A Python tool for automated data collection and processing from the SurvStat@RKI platform, Germany's interactive infectious disease surveillance system.
This project automates the download and processing of disease surveillance data from the Robert Koch Institute (RKI). Using Selenium, it downloads data for specified diseases and years, organized by week and German administrative districts (Kreise). The data is then processed and harmonized using regional identification codes.
For a walkthrough of the pipleine in this rep, have a look at Extracting_survstat_data.ipynb, in src.
- Automated Data Collection: Downloads disease data from SurvStat@RKI for multiple diseases and years
- Data Processing: Merges yearly files into standardized datasets
- Geographic Harmonization: Translates district names to official regional codes (Kreiskennziffern)

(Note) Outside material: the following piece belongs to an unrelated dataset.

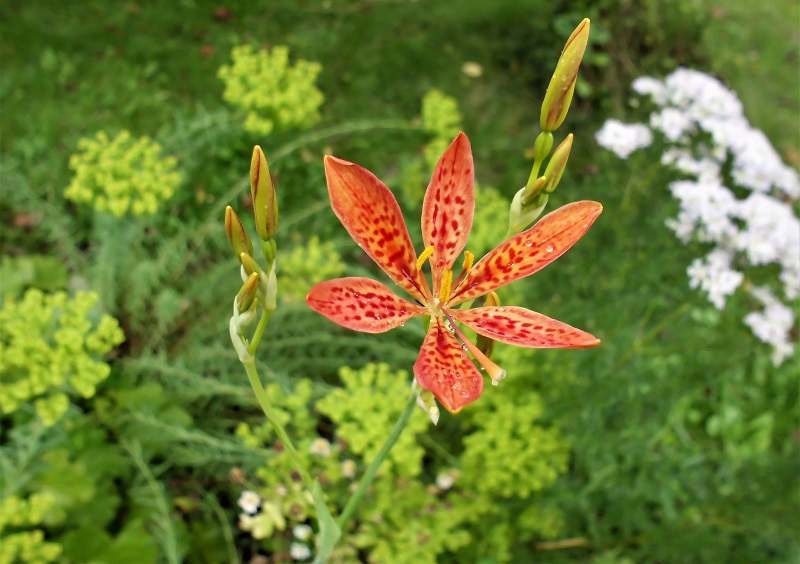 Bei mir blüht gerade diese Schönheit: die Leopardenblume, Iris domestica.

- Flexible Configuration: Easy configuration through YAML files
- DataProcessingOrchestrator: A (large and generic) class for chaining data processing steps
- Clone the repository:
git clone https://github.com/stends2001/survstat_data.git
cd survstat_loader- Install dependencies:
pip install -r requirements.txt- Configure the project by editing
config.yamlif needed.
Run the main script to download and process current year data:
python src/update_survstatdata.pyfrom src.survstat_collecting.survstat_scraper import scrape_survstat_data
from src.survstat_collecting.casedata_processing import preprocess_survstat_data
# Update current datafiles for the current year
scrape_survstat_data(
disease_names={'campylobacter': 'Campylobacter'},
years='2025',
output_directory=directories_dict['dir_data_raw'],
downloads_directory=directories_dict['dir_downloads']
)
# Process the downloaded data
preprocess_survstat_data(
diseases=['Campylobacter'],
years='2025',
raw_data_dir=directories_dict['dir_data_raw'],
processed_data_dir=directories_dict['dir_data_preprocessed'],
how='update'
)To see the tool in action with sample data:
- Generate sample data (if you have real data):
python src/create_github_sample.py-
View the demo notebook:
- Open
src/Demo_measles_visualization.ipynbto see a visualization of national measles data - The sample data contains real national measles data aggregated from the SurvStat system
- Open
-
Sample data structure:
data/sample/measles_national.csv: National weekly measles cases- Contains:
timestamp,casescolumns - Safe to share on GitHub (national-level data only)
survstat_loader/
├── src/
│ ├── dataprocessor/ # Data processing modules
│ ├── survstat_collecting/ # Web scraping and data collection
│ ├── utils/ # Utility functions
│ ├── update_survstatdata.py # Main execution script
│ ├── preview_epicurve.py # Show weekly casenumbers of downloaded data
│ ├── create_github_sample.py # Create sample data for GitHub
│ └── Demo_measles_visualization.ipynb # Demo notebook
├── data/ # Data storage (not in git)
│ ├── raw/ # Raw downloaded files
│ ├── preprocessed/ # Processed datasets
│ ├── harmonization/ # Geographic mapping files
│ └── sample/ # Sample data for GitHub (committed)
├── config.yaml # Configuration file
└── requirements.txt # Python dependencies
- Real data: Stored in
data/directories and excluded from Git - Sample data: Only national-level aggregated data is shared
- Regional data: Contains district-level information and is kept private
- Full datasets: Multiple diseases and years are excluded from repository
Edit config.yaml to customize:
- Data directory paths
- Download locations
- Processing options
This project is licensed under the MIT License - see the LICENSE file for details.